**Exercise prompt**
The lines to transcribe begin with the one containing "In this work, we" and end with the last line below; reproduce them exactly, without the pictures.

**Material for the task**
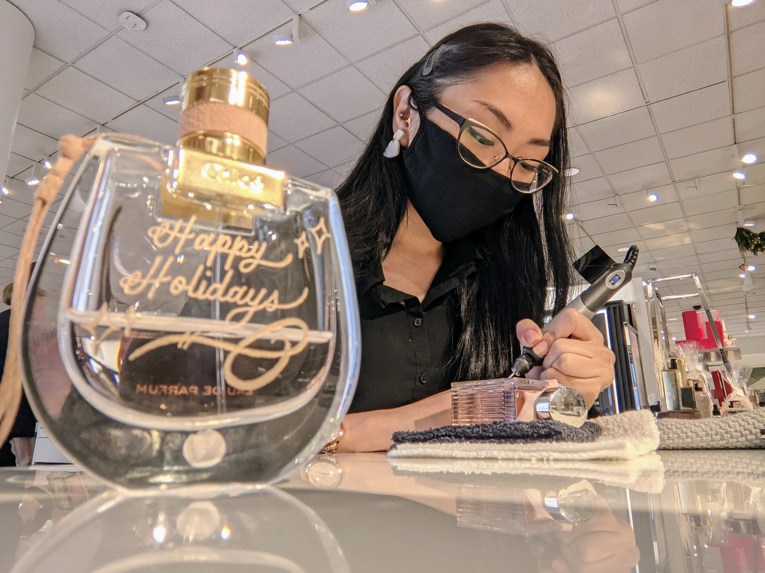 I originally started off by making hand-lettered wedding signs in 2018. In 2020, when in-person events took a pause, I expanded my skills and taught myself how to do glass engraving. Now I also do on-site engraving for brand activations and private events, as well as commissions for personalized items and customized gifts.
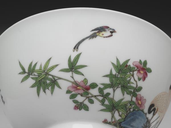 碗,侈口窄唇,深弧壁,矮圈足。薄胎骨,全器內外罩施純白釉。內壁樸素無紋飾;外壁一面彩畫綠竹、灰石、靈芝及茶花,其中加飾仙鶴、壽帶各一對。一面墨彩題句:「睡輕旋覺松花落,舞罷閒聽澗水流。」首尾各以紅料描繪「鳳采」與「彬然」、「君子」三印。圈足露胎,細白堅潤,外底心書「雍正年製」雙行雙方框藍料楷書款。
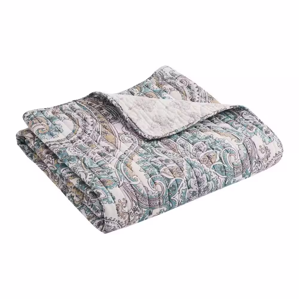 None Rome Beige, Blue, White Paisley/Medallion Quilted Cotton Throw Blanket
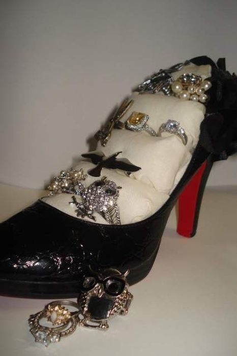 Удивительно, но при наличии фантазии не сложно превратить старые туфли в красивые и стильные органайзеры для украшений. Такая система хранения удачно впишется в интерьер женской спальни.
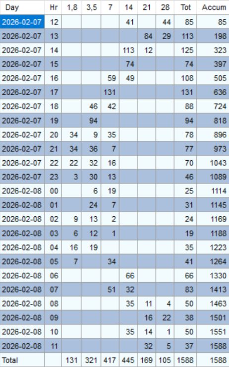 A terjedés lehetett volna jobb is, a párhuzamosan futó FOC verseny bezavart, mert sok amerikai és kanadai állomás volt este és hajnalban, de a nagy részük FOC-ozott és nem az EUDX-en indult.. Picivel több igényelt pont lett mint tavaly, de szinte ugyanúgy sikerült.
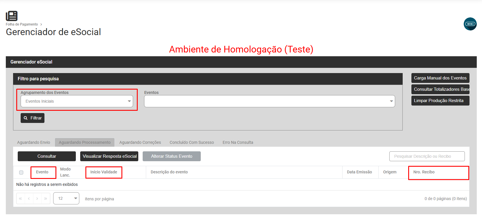 - Se estiver com aguardando processamento faça a consulta da carga, selecione o evento e clique no campo 'Consultar'.
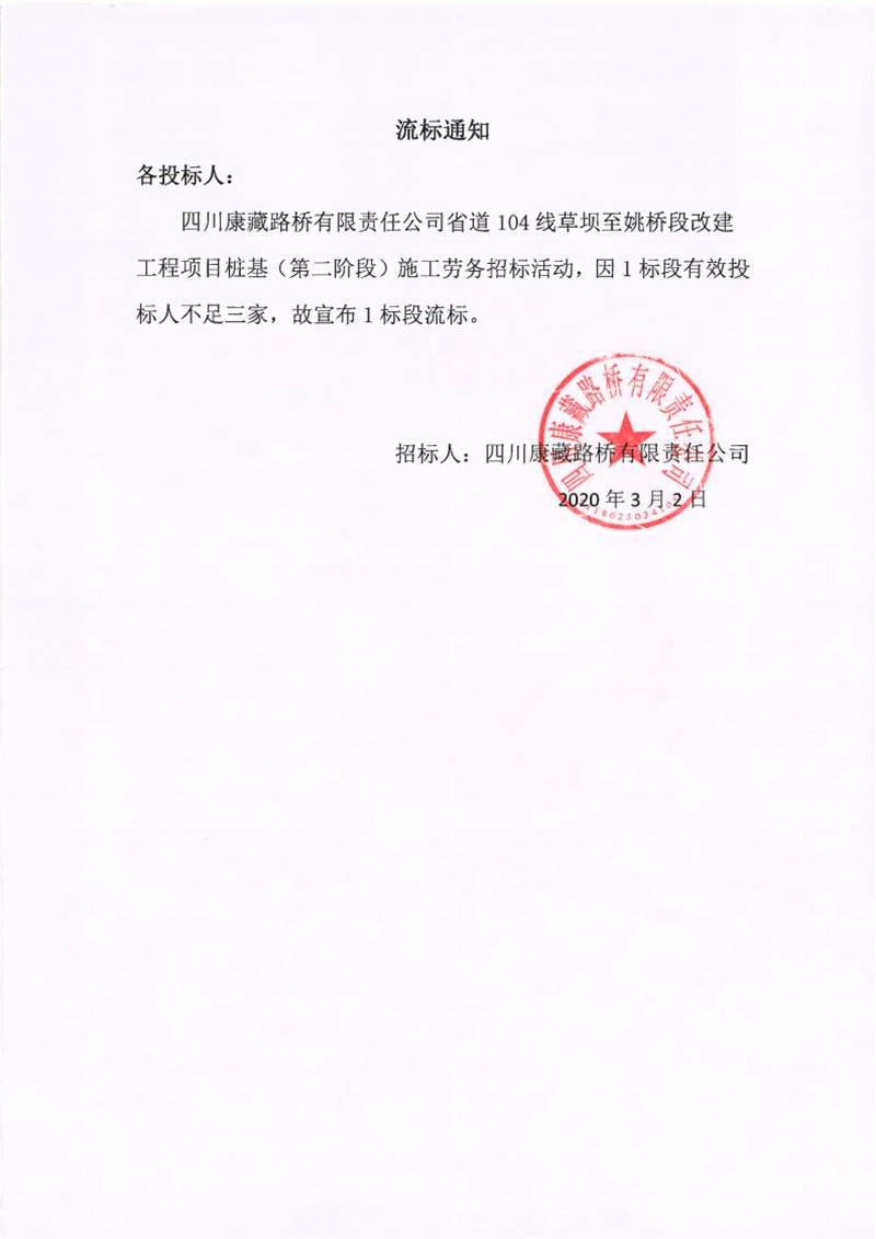 四川康藏路橋有限責(zé)任公司省道104線草壩至姚橋段改建工程項(xiàng)目樁基(第二階段)施工勞務(wù)流標(biāo)通知
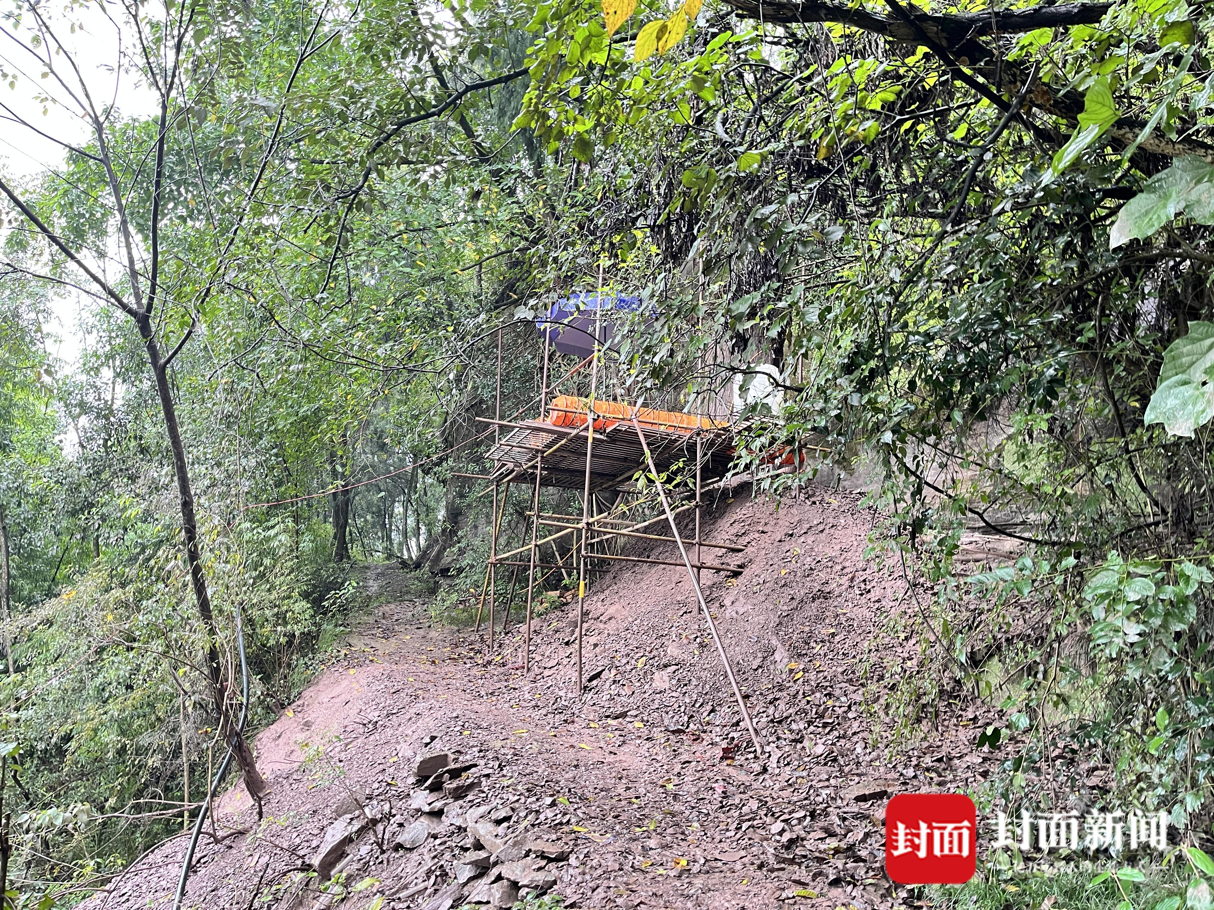 在跟着老师学习石刻几个月后,2025年6月,在征得同意后,周明冬带着一把电锤钻进了邻居家的林地。这里的崖壁距他家直线距离仅几十米,旁边还长着一棵黄桷树,成了他眼中“适合留下点东西”的起点。
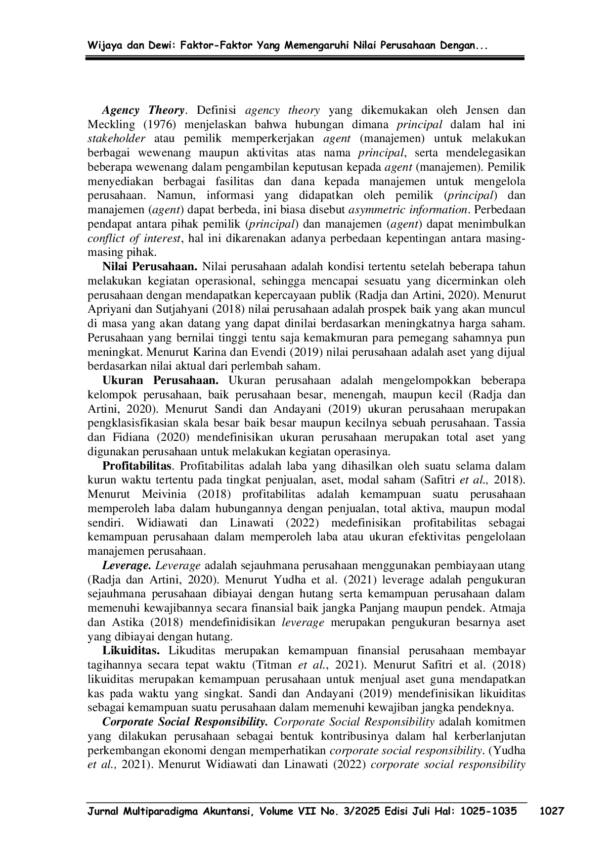 Jurnal Komunikasi bidang kajian ilmu komunikasiJurnal Komunikasi bidang kajian ilmu komunikasiPenelitian ini bertujuan untuk mengetahui bagaimana peran ukuran perusahaan, profitabilitas, leverage, dan likuiditas terhadap nilai perusahaan dengan menggunakan tanggungjawab sosial sebagai variabel moderasi pada sektor konsumsi barang non primer yang terdaftar di Bursa Efek Indonesia selama tahun 2019-2021. Sampel dipilih dengan metode purposive sampling dan data yang valid ada 17 perusahaan. Teknik pengolahan data menggunakan analisis regresi moderasi (MRA) yang dibantu oleh program Eviews 12.0 dan Microsoft Excel 2013. Hasil penelitian ini menunjukkan bahwa ukuran perusahaan tidak berpengaruh negatif terhadap nilai perusahaan, profitabilitas dan tanggungjawab sosial berpengaruh positif terhadap nilai perusahaan, leverage dan likuiditas tidak berpengaruh positif terhadap nilai perusahaan. Tanggungjawab sosial dapat memengaruhi pengaruh ukuran perusahaan terhadap nilai perusahaan, tanggungjawab sosial tidak dapat memengaruhi pengaruh likuiditas terhadap nilai perusahaan.
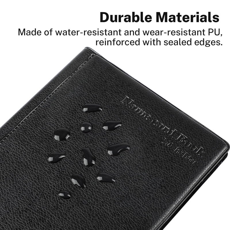 - Durable Materials: Our business card organizer is made of water-resistant and wear-resistant PU, reinforced with sealed edges and durable PVC business card sleeves. Our 18-month 100% satisfaction assurance instills confidence in your purchase.
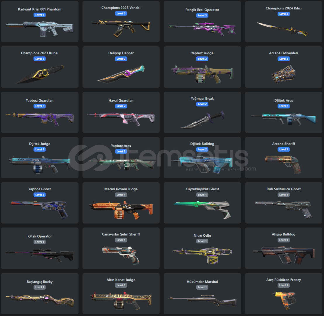 Skinler görsellerde görüldüğü gibidir. 370 küsur seviyededir.
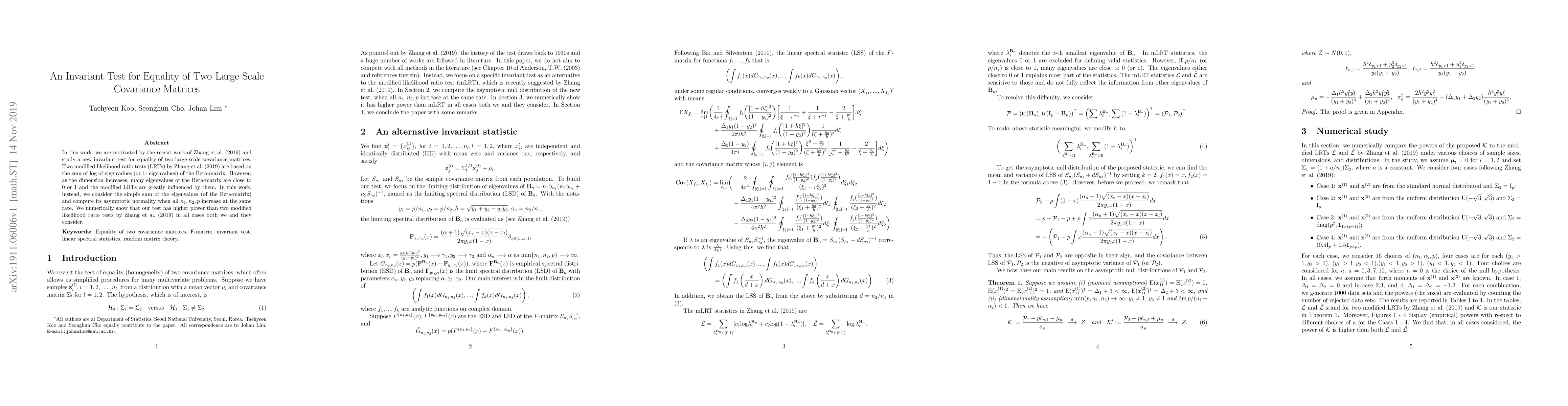 In this work, we are motivated by the recent work of Zhang et al. (2019) and study a new invariant test for equality of two large scale covariance matrices. Two modified likelihood ratio tests (LRTs) by Zhang et al. (2019) are based on the sum of log of eigenvalues (or 1- eigenvalues) of the Beta-matrix. However, as the dimension increases, many eigenvalues of the Beta-matrix are close to 0 or 1 and the modified LRTs are greatly influenced by them. In this work, instead, we consider the simple sum of the eigenvalues (of the Beta-matrix) and compute its asymptotic normality when all $n_1, n_2, p$ increase at the same rate. We numerically show that our test has higher power than two modified likelihood ratio tests by Zhang et al. (2019) in all cases both we and they consider.
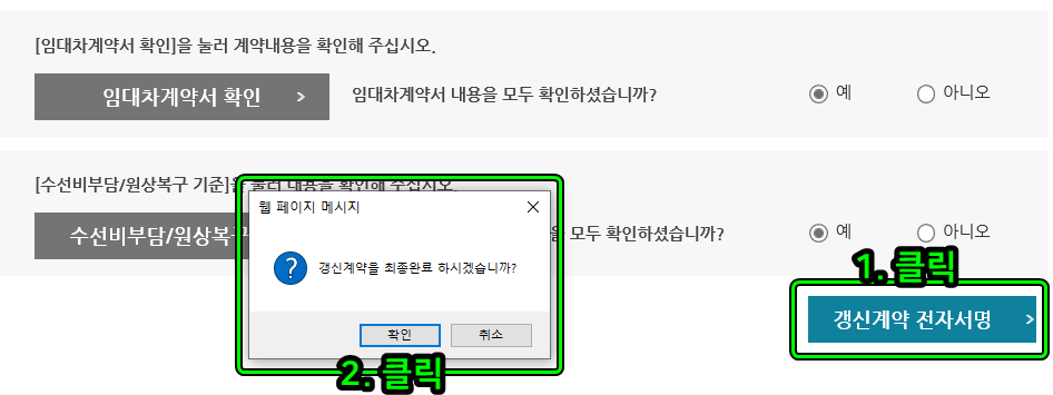 9. 갱신계약을 최종완료 하시겠습니까? 확인 클릭

**Output below**
 In this work, we are motivated by the recent work of Zhang et al. (2019) and study a new invariant test for equality of two large scale covariance matrices. Two modified likelihood ratio tests (LRTs) by Zhang et al. (2019) are based on the sum of log of eigenvalues (or 1- eigenvalues) of the Beta-matrix. However, as the dimension increases, many eigenvalues of the Beta-matrix are close to 0 or 1 and the modified LRTs are greatly influenced by them. In this work, instead, we consider the simple sum of the eigenvalues (of the Beta-matrix) and compute its asymptotic normality when all $n_1, n_2, p$ increase at the same rate. We numerically show that our test has higher power than two modified likelihood ratio tests by Zhang et al. (2019) in all cases both we and they consider.
 9. 갱신계약을 최종완료 하시겠습니까? 확인 클릭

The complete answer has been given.